Once the line with "Keywords: Morimura Atsutaka" is found, repeat it and all later lines exactly through the end of the listing below, with the pictures left out.

───

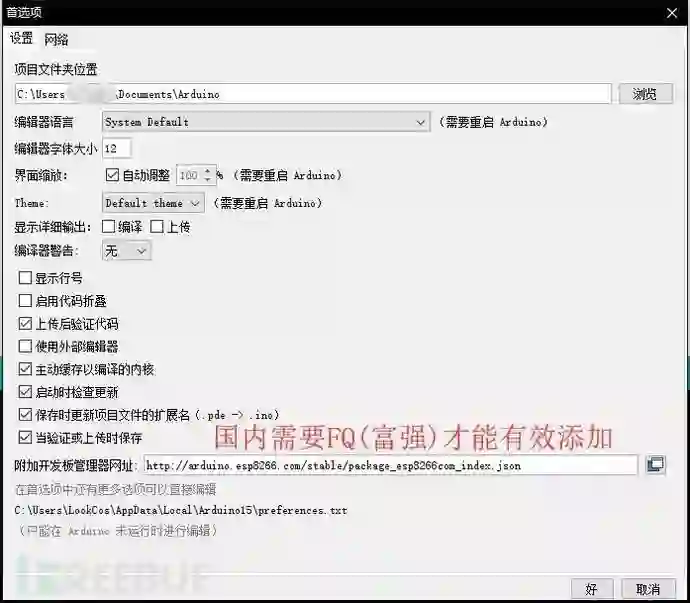 安装完成以后,进入首选项(Preferences),找到附加开发板管理器地址(Additional Board Manager URLs),并在其后添加如下信息:
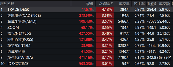 该基金紧密跟踪纳斯达克100指数(NDX.GI),指数隔夜收涨1.6%。成份股中,TRADE DESK上涨4.13%,铿腾电子上涨3.58%,超威半导体、英伟达等个股跟涨超3%。
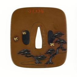 Keywords: Morimura Atsutaka - Tsuba with Saigyô Gazing at Mt Fuji - Walters 51136 - Back.jpg Seated at the lower left of the tsuba is the 12th-century monk Saigyô Saigyô was a palace guard who became a Buddhist monk at the age of twenty three when the Emperor Toba abdicated and became a monk Saigyô wandered the country until he died in Kyoto at the age of seventy three Here he is shown gazing at Mt Fuji which is shown on the upper left of the tsuba Saigyô's traveling hat rests beside him The reverse of the tsuba shows pine trees and birds The holes for the utility knife and hair pick are indicated in the background but do not appear to have actually been cut through the tsuba middle Other date century 19 Edo copper shibuichi silver gold shakudo cm 7 65 7 0 48 accession number 51 136 8898 Henry Walters Baltimore date and mode of acquisition unknown Walters Art Museum Henry Walters Acquired by Henry Walters Signature Morimura Atsutaka kao place of origin Edo present-day Tokyo Japan Walters Art Museum license Tosogu Japanese sword fittings in the Walters Art Museum Morimura Atsutaka Media contributed by the Walters Art Museum needs category review |
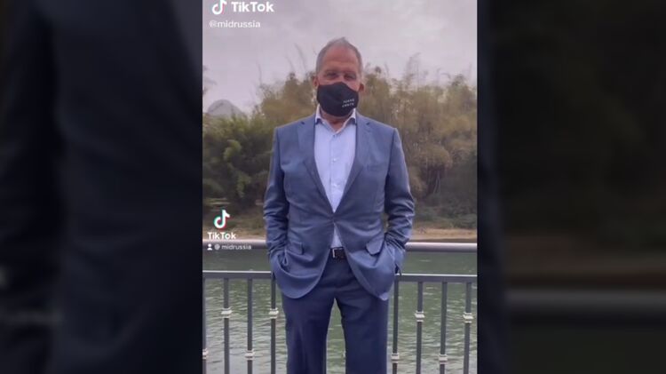 Ролик, в котором Лавров стоит на фоне водоема в деловом костюме и черной защитной маске, появился в TikTok 22 марта. Его успели посмотреть более тысячи раз, однако потом видео удалили.
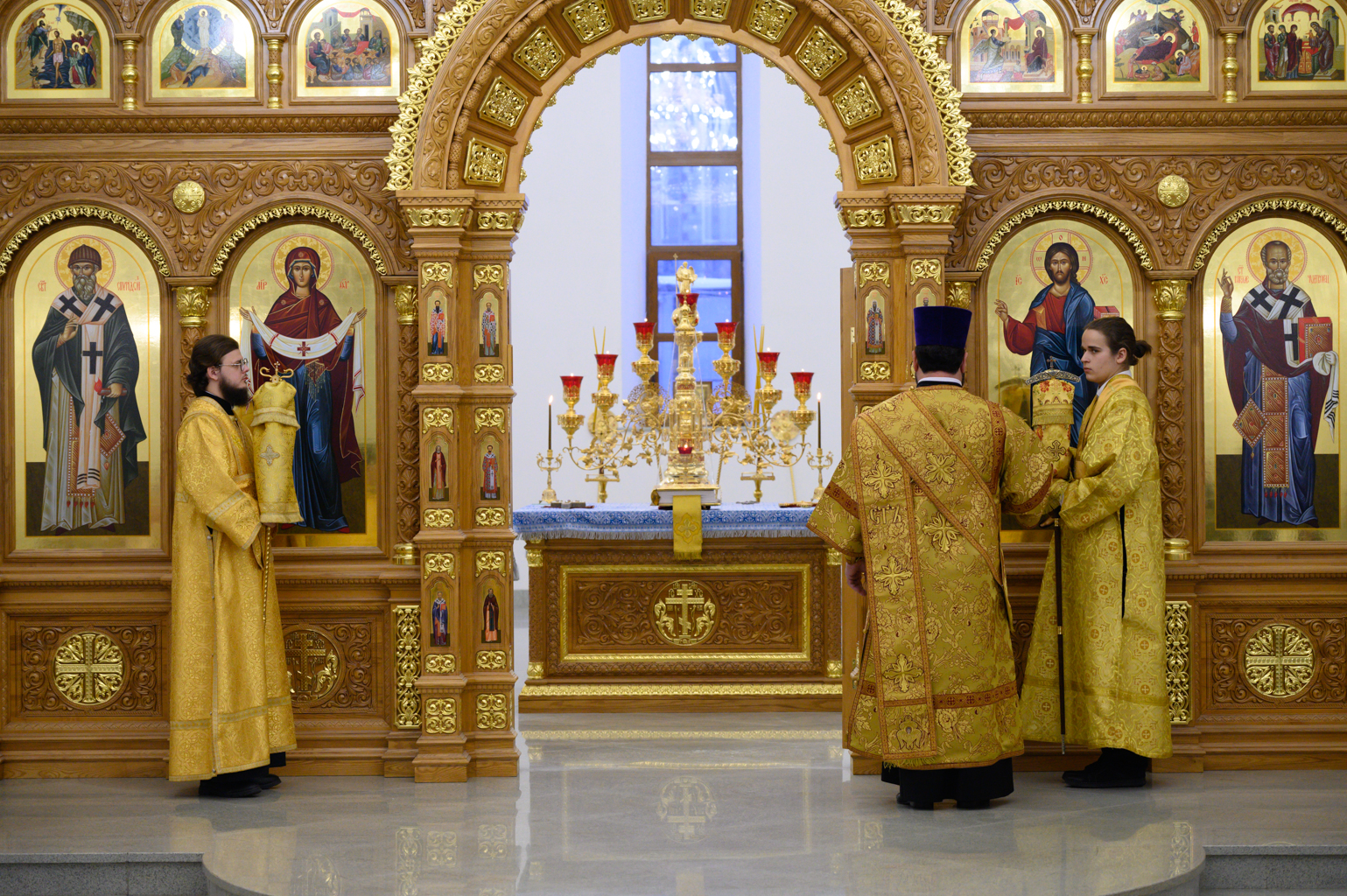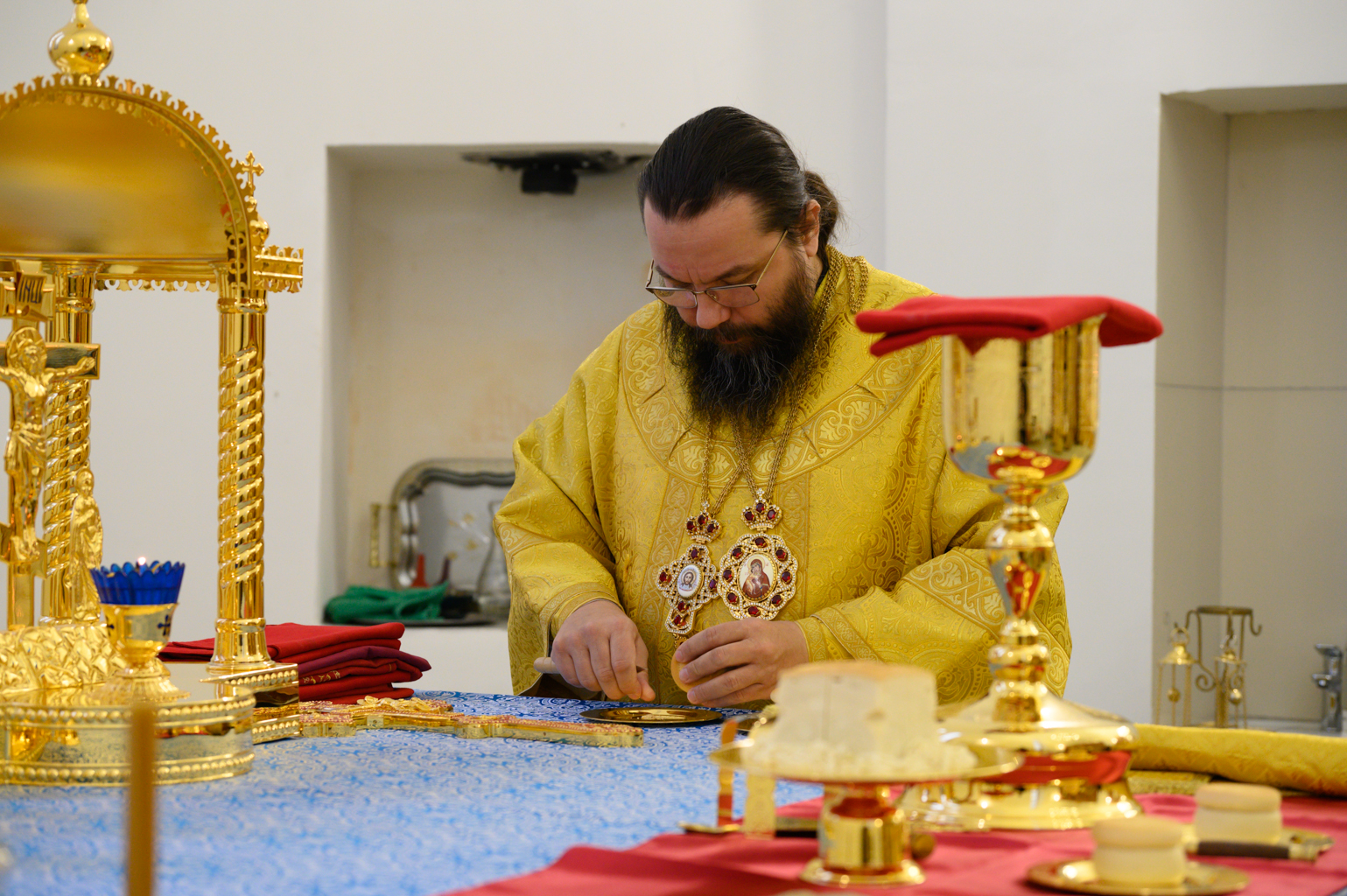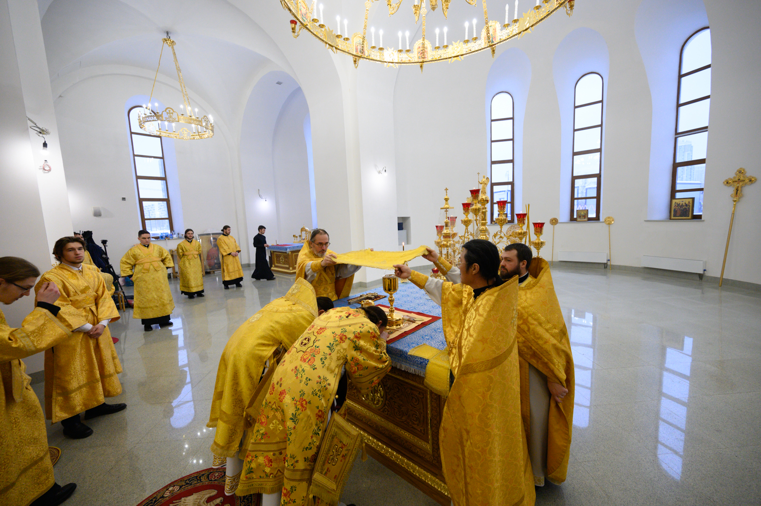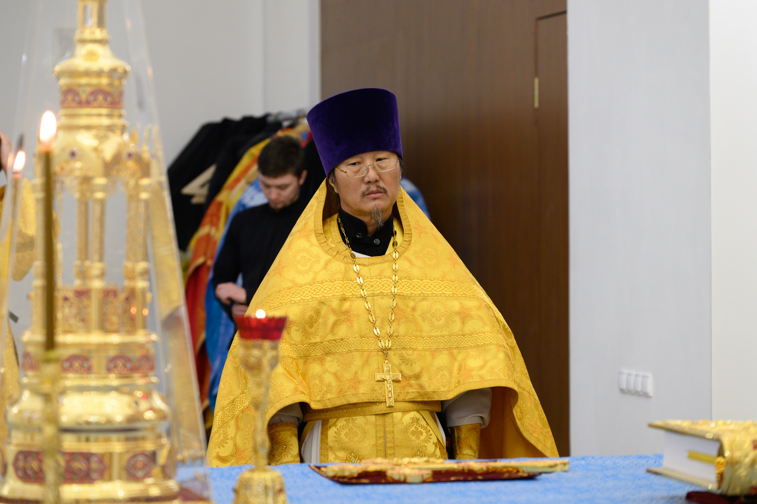 Диаконский чин возглавил протодиакон Василий Куфлик, клирик храма Тихвинской иконы Божией Матери, Патриаршего подворья в Алексеевском города Москвы.
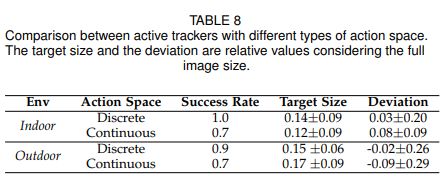 通过上表可见,采取离散动作的跟踪器在两个场景中都可以取得更高的成功率。在室外,离散动作可以让目标大小保持更加稳定(更小的方差)。无论是室内室外,基于离散动作的跟踪器都能保证更小的平均偏差。综合这些结果,说明了采用离散动作可以帮助模型更好更鲁棒地迁移到真实场景。我们猜想对动作空间离散化可以使得智能体对场景中的干扰和机器人控制系统的噪声都更加鲁棒,而连续空间会更加敏感。

───

__PROBLEM SOLUTION__
 Keywords: Morimura Atsutaka - Tsuba with Saigyô Gazing at Mt Fuji - Walters 51136 - Back.jpg Seated at the lower left of the tsuba is the 12th-century monk Saigyô Saigyô was a palace guard who became a Buddhist monk at the age of twenty three when the Emperor Toba abdicated and became a monk Saigyô wandered the country until he died in Kyoto at the age of seventy three Here he is shown gazing at Mt Fuji which is shown on the upper left of the tsuba Saigyô's traveling hat rests beside him The reverse of the tsuba shows pine trees and birds The holes for the utility knife and hair pick are indicated in the background but do not appear to have actually been cut through the tsuba middle Other date century 19 Edo copper shibuichi silver gold shakudo cm 7 65 7 0 48 accession number 51 136 8898 Henry Walters Baltimore date and mode of acquisition unknown Walters Art Museum Henry Walters Acquired by Henry Walters Signature Morimura Atsutaka kao place of origin Edo present-day Tokyo Japan Walters Art Museum license Tosogu Japanese sword fittings in the Walters Art Museum Morimura Atsutaka Media contributed by the Walters Art Museum needs category review |
 Ролик, в котором Лавров стоит на фоне водоема в деловом костюме и черной защитной маске, появился в TikTok 22 марта. Его успели посмотреть более тысячи раз, однако потом видео удалили.
 Диаконский чин возглавил протодиакон Василий Куфлик, клирик храма Тихвинской иконы Божией Матери, Патриаршего подворья в Алексеевском города Москвы.
 通过上表可见,采取离散动作的跟踪器在两个场景中都可以取得更高的成功率。在室外,离散动作可以让目标大小保持更加稳定(更小的方差)。无论是室内室外,基于离散动作的跟踪器都能保证更小的平均偏差。综合这些结果,说明了采用离散动作可以帮助模型更好更鲁棒地迁移到真实场景。我们猜想对动作空间离散化可以使得智能体对场景中的干扰和机器人控制系统的噪声都更加鲁棒,而连续空间会更加敏感。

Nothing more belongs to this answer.